Dizem-nos que «Évora/27», Capital Europeia da Cultura, integra com entusiasmo o projeto ECOC Echo – Maximising the impact of the European Capitals of Culture beyond the spotlight year, no âmbito do programa Interreg Europe. Um projeto que reunirá stakeholders, estratégias e sinergias — e, quem sabe, até algumas pessoas. Ou seja, traduzindo para a cada vez mais negligenciada língua de Camões, relegada em favor de jargões europeus e tecnocráticos, trata-se de garantir que o impacto cultural de uma Capital Europeia da Cultura não se esgote no ano do respetivo holofote, mas reverbere no tempo e no território.
Mas enquanto os relatórios se acumulam e os fóruns se multiplicam, a cultura vive-se noutras linguagens.
Lá para os lados de Évora, numa aldeia onde o tempo se mede em sombras de sobreiros, dois compadres sentam-se lado a lado num banco junto à estrada. Não falam. Não precisam. O mundo passa — e eles ficam.

Jurista
Uma Europa que proclama o multilinguismo como valor fundador, mas se pronuncia em inglês — língua oficial de país nenhum no seio da União
Um carro, conduzido por um turista não fluente na já referida, e cada vez mais ornamental, língua de Camões, aproxima-se. O homem, perdido, pergunta em inglês se está no caminho certo para Évora. Os compadres, fiéis ao seu mutismo, trocam olhares e encolhem os ombros. O turista tenta o francês. Nada. O espanhol. Nada. Três línguas, zero respostas. Derrotado, arranca estrada fora.

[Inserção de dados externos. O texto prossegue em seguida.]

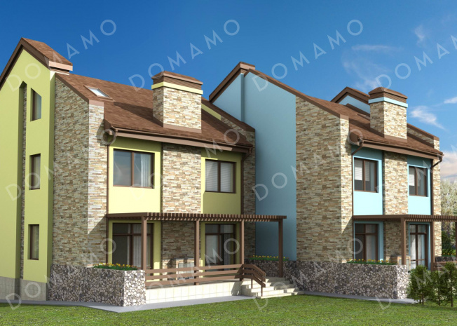 Дом d147 Проект жилого дома для сблокированного строительства на площадке с рельефом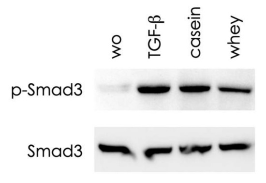 Casein and whey powder enhance phosphorylation of smad3. Serum-starved gingival fibroblasts were exposed to 1% of a reconstituted pooled casein and whey powder for 30 min before being subjected to Western blot analysis of phosphorylation of smad3. Cells exposed to recombinant TGF-β and casein and whey powder caused a strong increase in the phosphorylation of smad3. “wo” stands for without, indicating the unstimulated cells.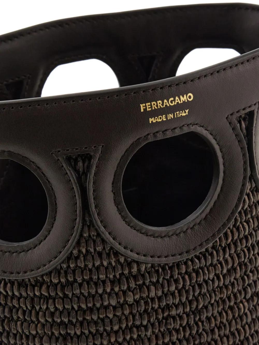 jet black leather smooth grain tonal stitching gold-tone hardware Gancini flip-lock fastening magnetic fastening adjustable shoulder strap main compartment internal card slots

Algum tempo depois, um dos compadres quebra o silêncio:
— Ó compadre, vossemecê não acha que agora, estando nós na União Europeia, devíamos aprender uma língua estrangeira?
O outro, sem hesitar:
— Pra quê, compadre? Aquele sabia logo três… e vossemecê acha que lhe serviu de alguma coisa?
E é aqui que o ECOC Echo encontra o seu eco mais profundo — não nos relatórios de impacto, mas nos silêncios que escapam às métricas. Porque entre os fóruns de stakeholders e os quadros de sinergias, há uma Europa que se constrói com encolheres de ombros: gestos mínimos, mas eloquentes. Uma Europa que proclama o multilinguismo como valor fundador, mas se pronuncia em inglês — língua oficial de país nenhum no seio da União. Onde a diversidade linguística se celebra em brochuras e apresentações, mas se dissolve na prática institucional. Onde a cultura se dinamiza em jargão técnico, mas se vive em silêncio partilhado, entre pedras, sombras e olhares que não precisam de tradução.

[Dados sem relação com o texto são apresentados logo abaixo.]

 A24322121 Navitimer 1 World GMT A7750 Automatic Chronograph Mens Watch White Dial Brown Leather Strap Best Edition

Que pensarão os ilustres stakeholders da matéria? Talvez se encantem com o folclore da cena. Talvez se preocupem com a eficácia comunicacional. Ou talvez — e aqui reside a ironia — não entendam nada. Porque, afinal, saber três línguas não garante que se seja compreendido. E saber nenhuma pode ser a forma mais pura de resistir à pressa do mundo.
Talvez seja esse o verdadeiro património imaterial: o direito ao silêncio, à sombra e ao encolher de ombros — sem tradução simultânea.